Голос у доктора дрожит, когда он произносит:
– У вас бесплодие… стерильность девяносто семь процентов… согласно медицинским показателям это полная стерильность.
Я киваю, побелевшие кисти рук сжаты в крепкий замок.
Диего встает, потирает руками колени, садится снова:
– А три процента?
– Чудо… только чудо. Мы, итальянцы, привыкли верить в чудеса, – разводит руками профессор.
Выходим из кабинета, профессор провожает нас до приемной, до самой входной двери. Он очень сожалеет. Проводил нас, как добрый пастырь, отлучающий заблудших чад от церкви.
– Спасибо…
В этот раз он даже не взял с нас денег.
Спускаемся по лестнице, я держусь за гладкие перила. Здание красивое, сороковых годов, белое, легкое, словно корабль.

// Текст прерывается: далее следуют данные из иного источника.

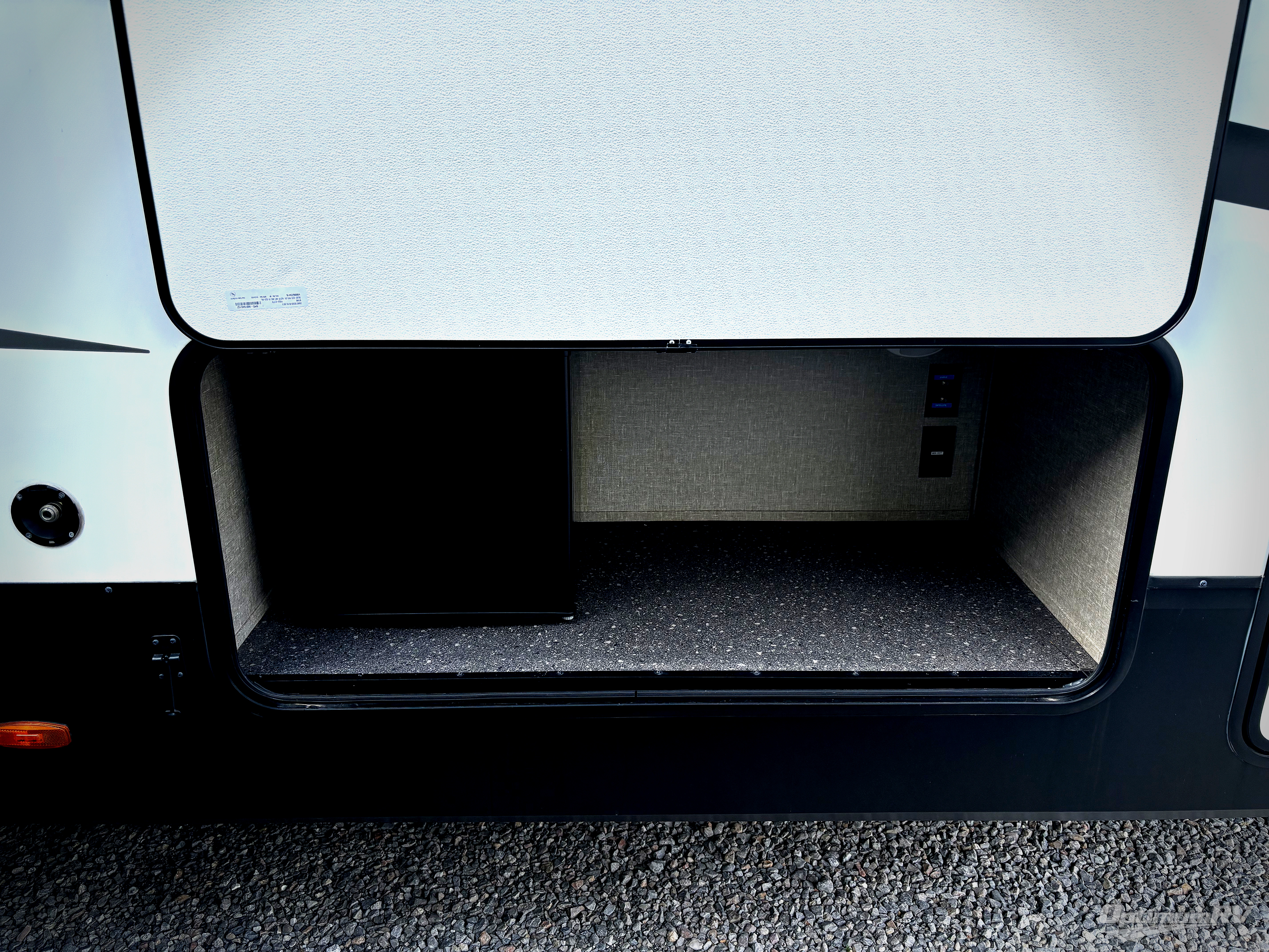 Get ready to enjoy the great outdoors with your family and friends with this fifth wheel at your favorite campsite! The middle bunkhouse with two bunk beds and drawer storage below within a slide and the dresser make this a popular space for guests. Everyone can share the full bathroom which offers linen storage and a space savings door, and you will have your own front bedroom with a queen bed and clothing storage. The main living and kitchen area offers dual slides for maximum floor space, a three person theatre seating, a U-shaped lounge with table to dine at, and an island that the cook will love. You will also find a gourmet kitchen and a 10 cu. ft. refrigerator, plus a pantry for all the goodies. And outside you can stow some beverages in the 1.6 cu. ft. refrigerator and relax under the 18' electric awning.

Боли нет. Я так много страдала, что сейчас чувствую облегчение. Мне никогда не быть матерью, мое тело никогда не потеряет форму, я высохну, постарею, меня ждет одинокая старость. Нам не выполнить библейскую заповедь: «плодитесь и размножайтесь». Семя не будет брошено, нам не увидеть всходов. Бога нет. Где искать оправдание нашему убогому существованию? По какой дороге идти, чтобы найти смысл жизни? Я чувствую себя так, будто уже умерла. Покой и безмятежность, как в загробном мире.
Путь в царство мертвых – здесь, на улице, которую я перехожу как обычно. Я словно обреченная на казнь, с табличкой на груди: «БЕСПЛОДНАЯ ЖЕНЩИНА».
Распахиваю все окна, мне кажется, что в квартире темно. Может быть, стены потускнели от пыли и копоти, проникающей с улицы. Самая дальняя комната у нас пустует, мы редко пользуемся ею, разве что развешиваем белье в плохую погоду. Там мы планировали сделать детскую.
У нас длинный коридор, по нему можно кататься на велосипеде, можно играть в мяч…
В этом пальто я напоминаю жандарма. Иду в редакцию привычным путем.
К коллегам по работе, особенно к женщинам, я стала относиться настороженно. Все знают, что у меня были проблемы, но никто не в курсе, какой мне вынесен приговор.
Мы ждем, когда кофе выльется из автомата в пластиковые стаканчики. Виола говорит мне, что беременна. Я обнимаю ее вполне искренне. Она касается меня животом, и между нами пробегает электрический разряд. Я улыбаюсь: может, это из-за одежды, из-за синтетики… Виола кивает, закуривает. Говорит, что сделала уже два аборта, на этот раз решила сохранить ребенка, – все-таки ей тридцать семь.
– А то потом срок годности выйдет, как у йогурта.
Позже я украдкой смотрю на ее живот. Виола мне нравится, она из тех людей, которые вечно впутываются в какие-то истории и к которым ты невольно проникаешься симпатией. И все-таки сейчас мне неприятно находиться с ней в одной комнате, она кажется мне безалаберной, глупой.
Перевожу с английского статью о мужской импотенции. Мужчина, у которого берут интервью, говорит: «Если ты слепой, ты можешь попросить жену описать тебе мир, увиденный ее глазами… если ты импотент, ты не можешь попросить ее заняться любовью вместо тебя…». Плáчу.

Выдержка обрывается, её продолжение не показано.